Repeat the span of the entries below that starts at the line with "亚洲国家中,韩国以美元计价的债券跌幅最小" and ends at the line with "インスタントのカルグクスには", nothing more. Skip the pictures.

[[ Dataset records, beginning ]]

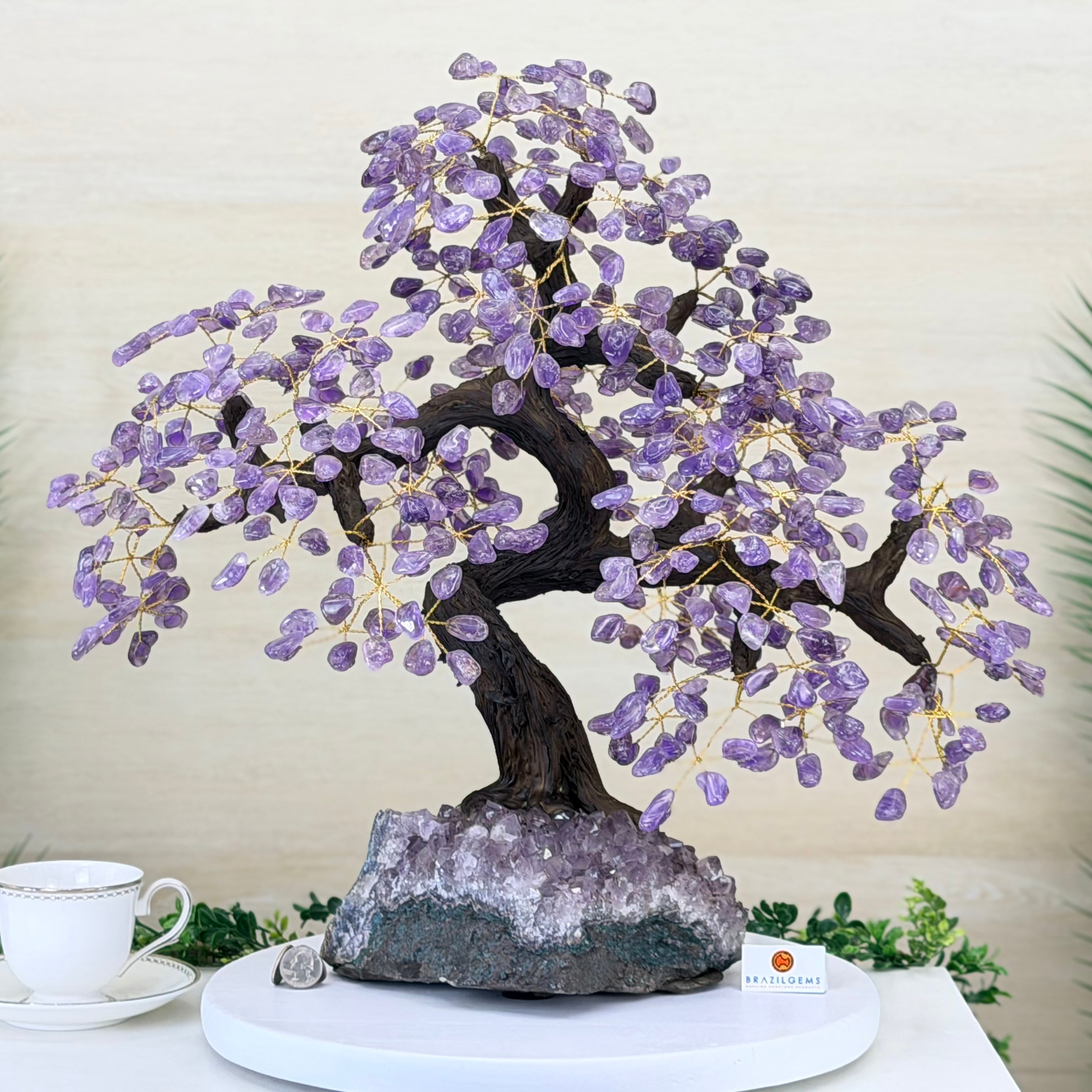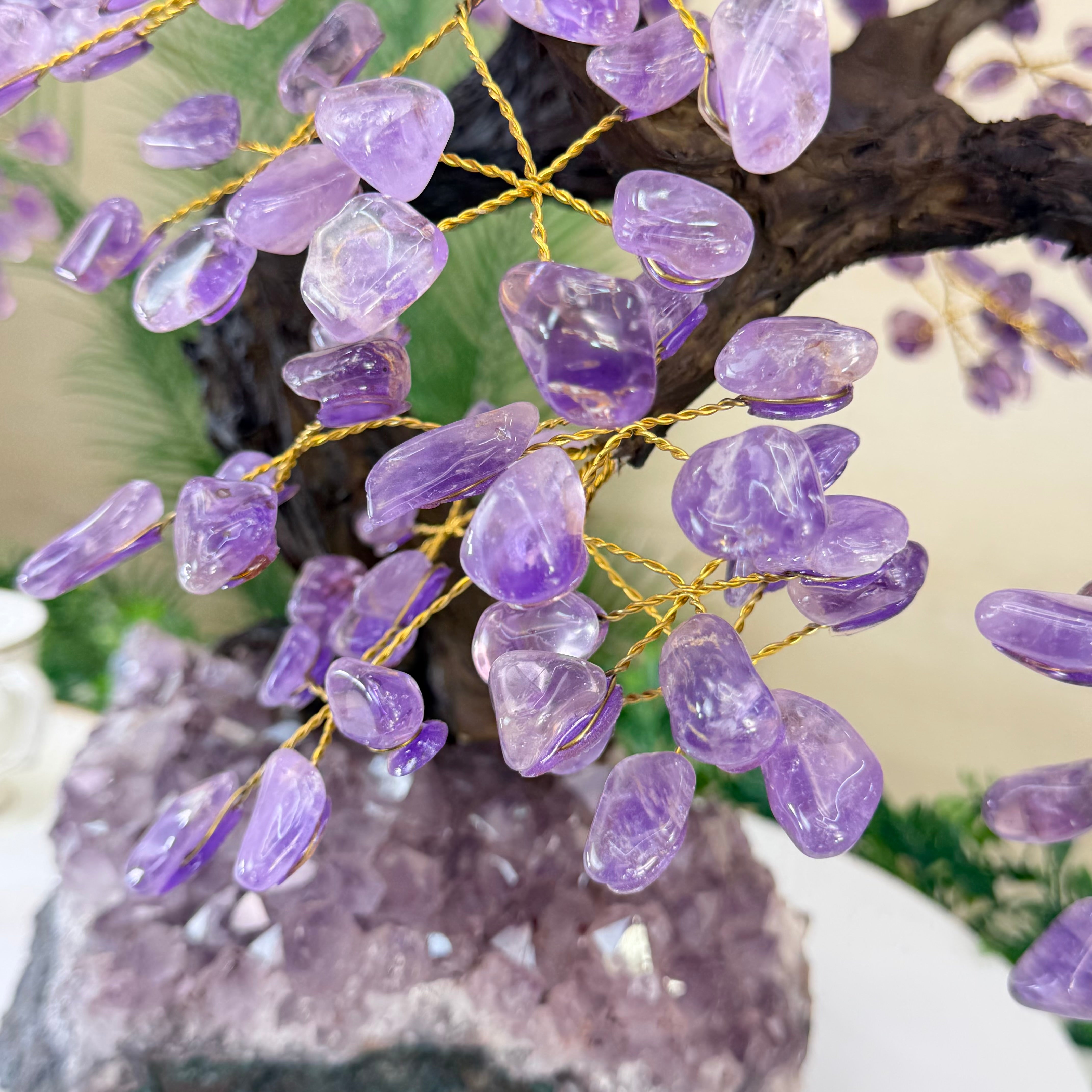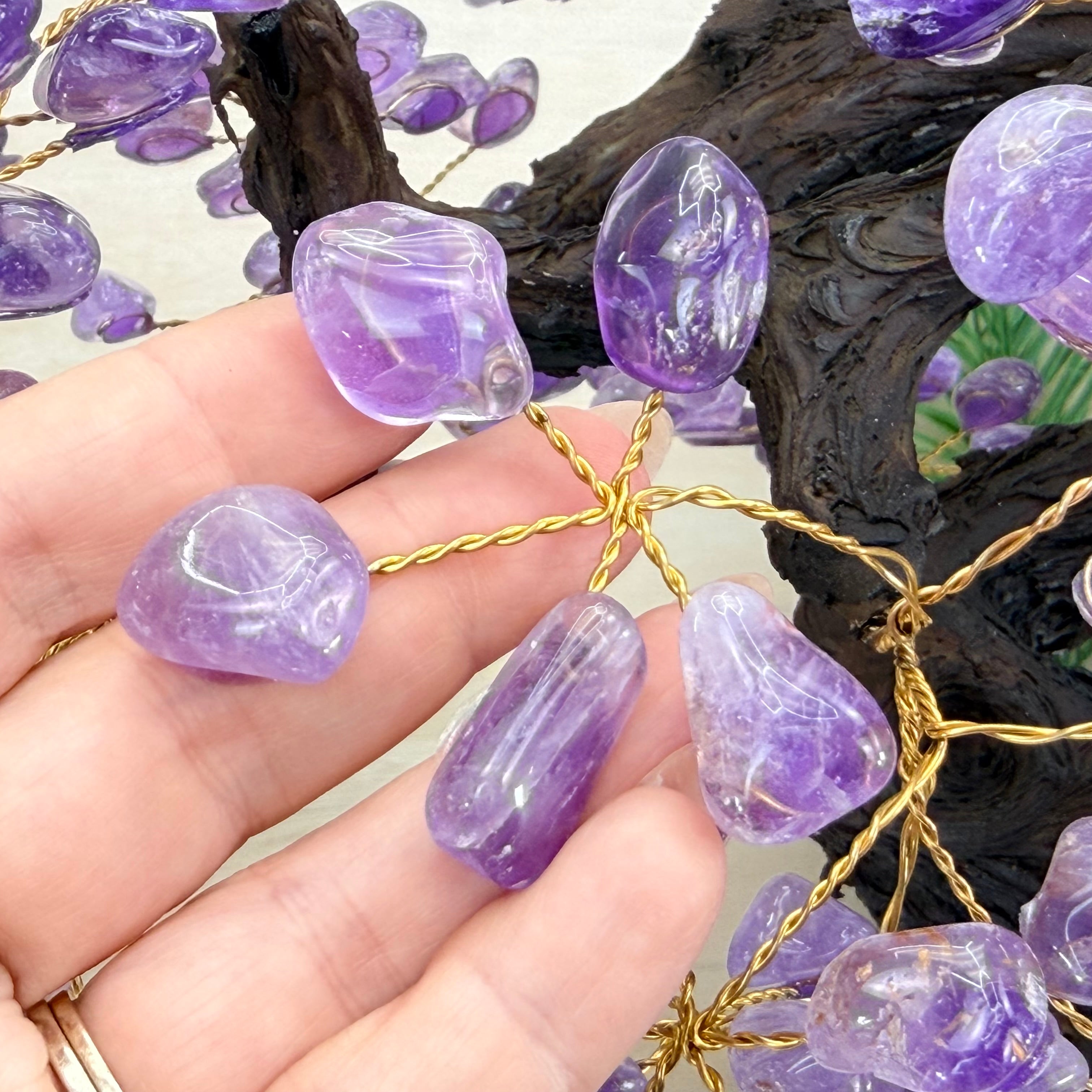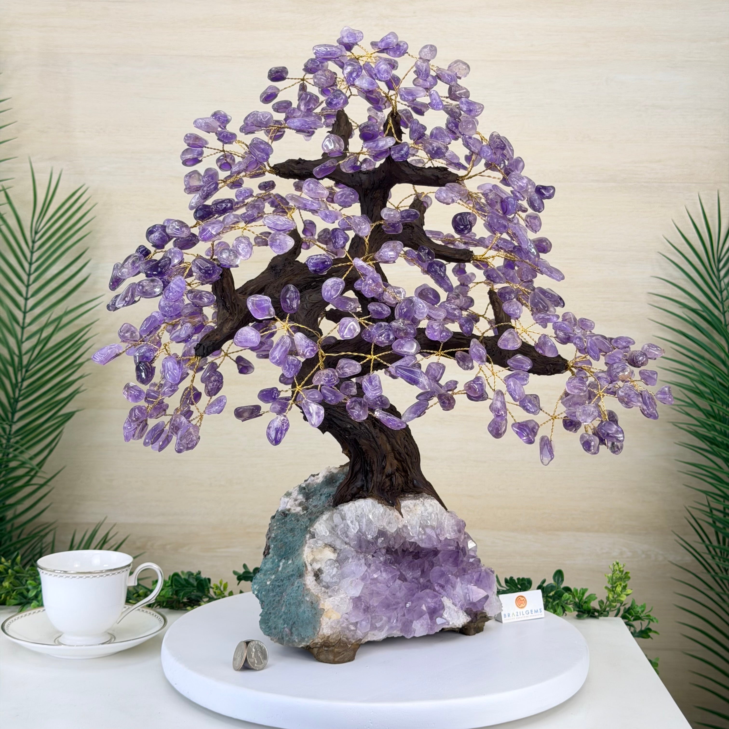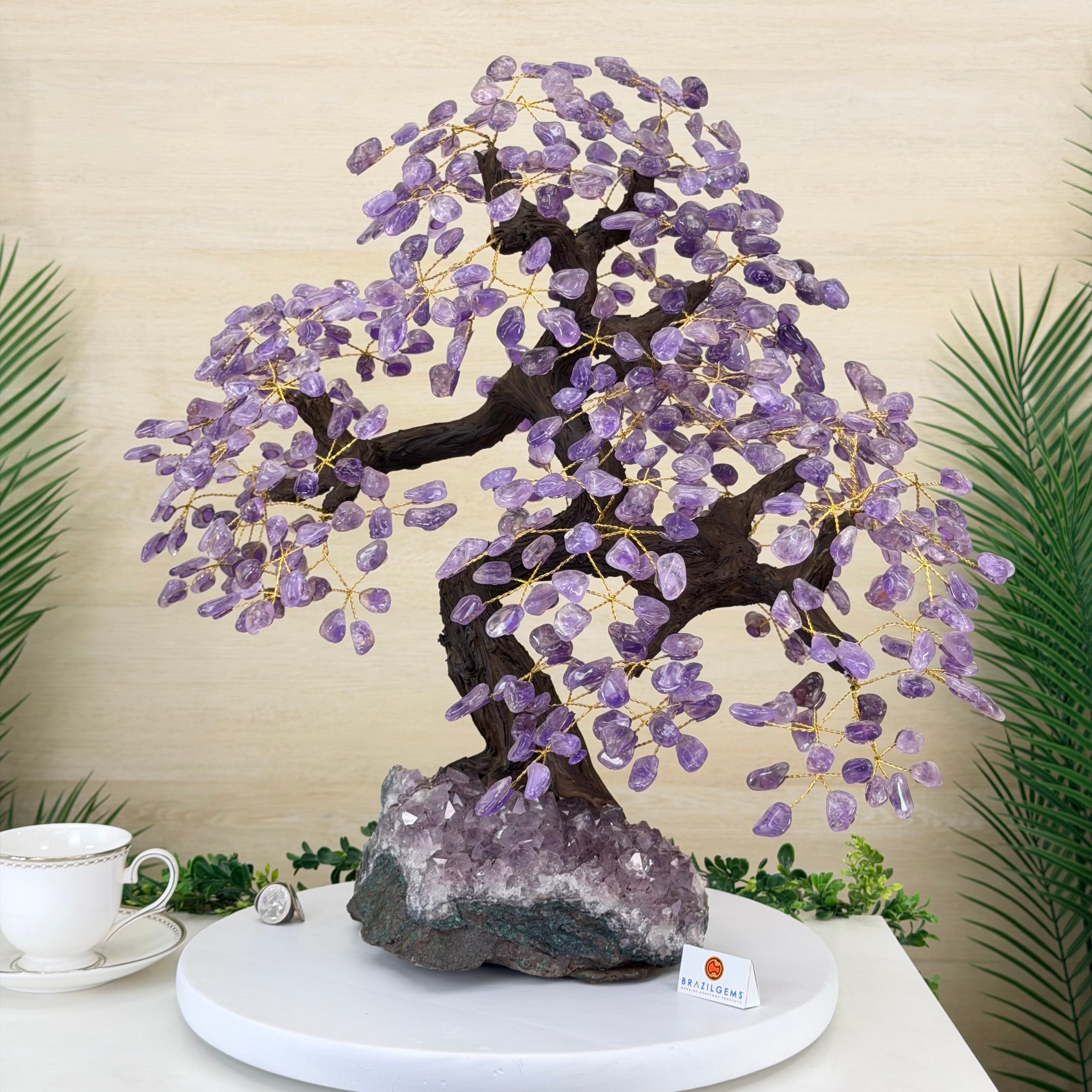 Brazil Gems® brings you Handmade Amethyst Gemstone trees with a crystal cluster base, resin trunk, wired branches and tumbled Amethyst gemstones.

[[ Dataset records, end ]]
[[ Dataset records, beginning ]]

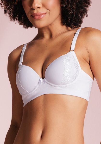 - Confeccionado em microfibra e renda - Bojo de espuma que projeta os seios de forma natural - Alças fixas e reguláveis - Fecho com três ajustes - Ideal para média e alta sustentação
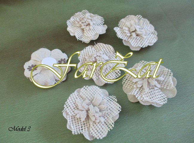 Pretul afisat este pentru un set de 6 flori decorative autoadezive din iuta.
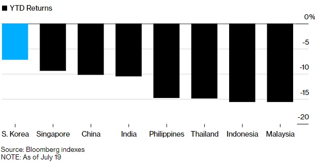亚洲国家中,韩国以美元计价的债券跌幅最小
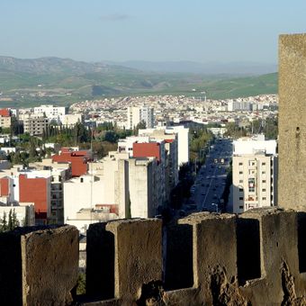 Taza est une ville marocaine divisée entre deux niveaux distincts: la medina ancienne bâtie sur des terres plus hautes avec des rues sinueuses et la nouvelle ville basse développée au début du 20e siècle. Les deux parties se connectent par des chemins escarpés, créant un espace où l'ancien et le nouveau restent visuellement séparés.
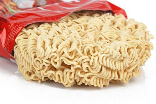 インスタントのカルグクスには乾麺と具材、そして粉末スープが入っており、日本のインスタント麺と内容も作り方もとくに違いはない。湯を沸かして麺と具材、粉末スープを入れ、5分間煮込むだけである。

[[ Dataset records, end ]]

### Exercise answer
亚洲国家中,韩国以美元计价的债券跌幅最小
 Taza est une ville marocaine divisée entre deux niveaux distincts: la medina ancienne bâtie sur des terres plus hautes avec des rues sinueuses et la nouvelle ville basse développée au début du 20e siècle. Les deux parties se connectent par des chemins escarpés, créant un espace où l'ancien et le nouveau restent visuellement séparés.
 インスタントのカルグクスには乾麺と具材、そして粉末スープが入っており、日本のインスタント麺と内容も作り方もとくに違いはない。湯を沸かして麺と具材、粉末スープを入れ、5分間煮込むだけである。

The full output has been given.